A conventional method for cluster coordination election, depicted in FIG. 2, is to use a rigid selection process based on pre-determined node IDs. Each node in a network is assigned a pre-determined ranking or a node ID. When a cluster fails and process of formation of a new cluster begins, at step 201, each node starts with sending Find Coordinator (FC) requests to every other member node in the cluster at regular time intervals. If the member nodes find a cluster coordinator, they may at step 203 proceed to form a cluster. If no cluster coordinator is found the nodes may check if they are receiving FC request from the lower node ID. If a node is receiving a FC request from a lower node ID, the node at step 205 may send FC requests again to every other cluster node at higher interval. If at step 204, a node is not receiving any FC requests from the lower node ID then it may at step 206 stop sending FC requests to the member nodes and becomes the cluster coordinator. The newly self declared cluster coordinator may start the process of cluster formation. So a node which has the lowest node ID will eventually become the cluster coordinator.
Similarly, package failover decisions in a cluster are either statistically determined or are based on presumed information or heuristics. The presumed information may include the hardware information, package queue of the member nodes for instance. Failover is the capability to switch over automatically to a redundant or standby computer server, system, or network upon the failure or abnormal termination of the previously active server, system, or network. Failover happens without human intervention and generally without warning, unlike switchover. The node to which a package can failover, upon node/package failure, is either pre-configured by the user or determined on the basis of potentially misleading data like package count. In this context, the term package is used to refer to an application along with resources used by it. Resources such as the virtual internet protocol address, volume groups, disks, etc., used by the application together constitute a package.

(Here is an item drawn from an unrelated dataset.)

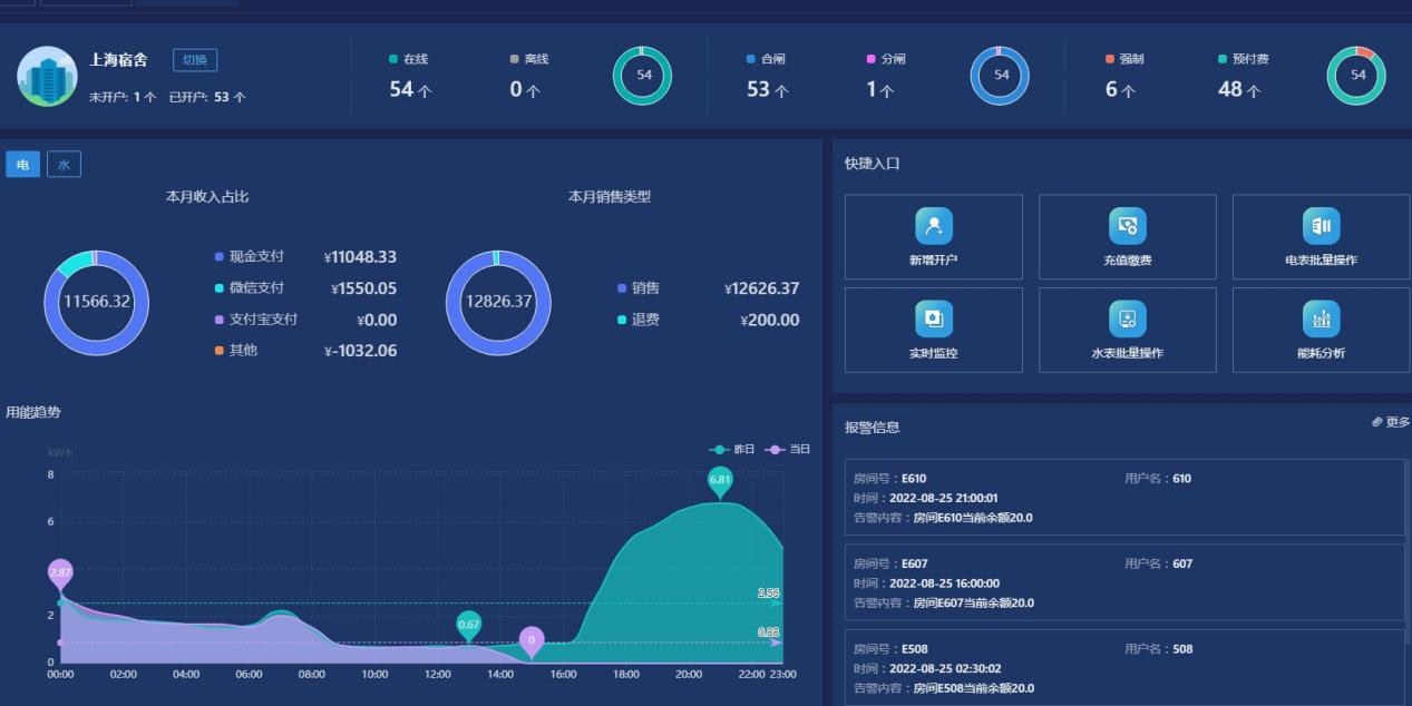 6)報表中心:提供售電、售水財務報表、用能報表、報警報表等查詢,本系統所有的報表及記錄查詢,都支持excel格式導出。

FIG. 3 illustrates the steps involved in an algorithm 300 for formation of a cluster system. The cluster formation process may be initiated by the cluster administrator through any node in the network by stating the requirement to be a cluster with ‘n’ number of member nodes through an Input Configuration file. The cluster formation may also be triggered by a remote cluster manager when a priority cluster is down as it fails to receive cluster heartbeat messages from the failed cluster. The cluster formation may be triggered at a free node i.e. a node which is not a part of any running cluster in the network. After the initialization of cluster formation the free node may initiate the node selection process at step 301.
Continuing to step 302 of FIG. 3, the free node may check if the required number of nodes for the cluster formation has been acquired. The required number of nodes may be acquired based on a criteria specified by the cluster administrator and/or specified in the cluster configuration file. The selection criteria may comprise hardware probe, user list, capacity adviser, random, for instance. As an example the user may set a minimum hardware configuration that a cluster member should possess to qualify as member node for a given cluster system. A demon may be started on each node in the network during node startup to collect the underlying hardware information. During cluster creation and/or re-configuration the demons will exchange the hardware information on request with the node where cluster creation was initiated and decide upon the list of nodes that will form a cluster. As another example the user may give a prioritized list of potential nodes that the may be used during cluster formation. As yet another example use the nodes suggested by a capacity advisor such as Work Load Manager and/or may pick any random node in the network.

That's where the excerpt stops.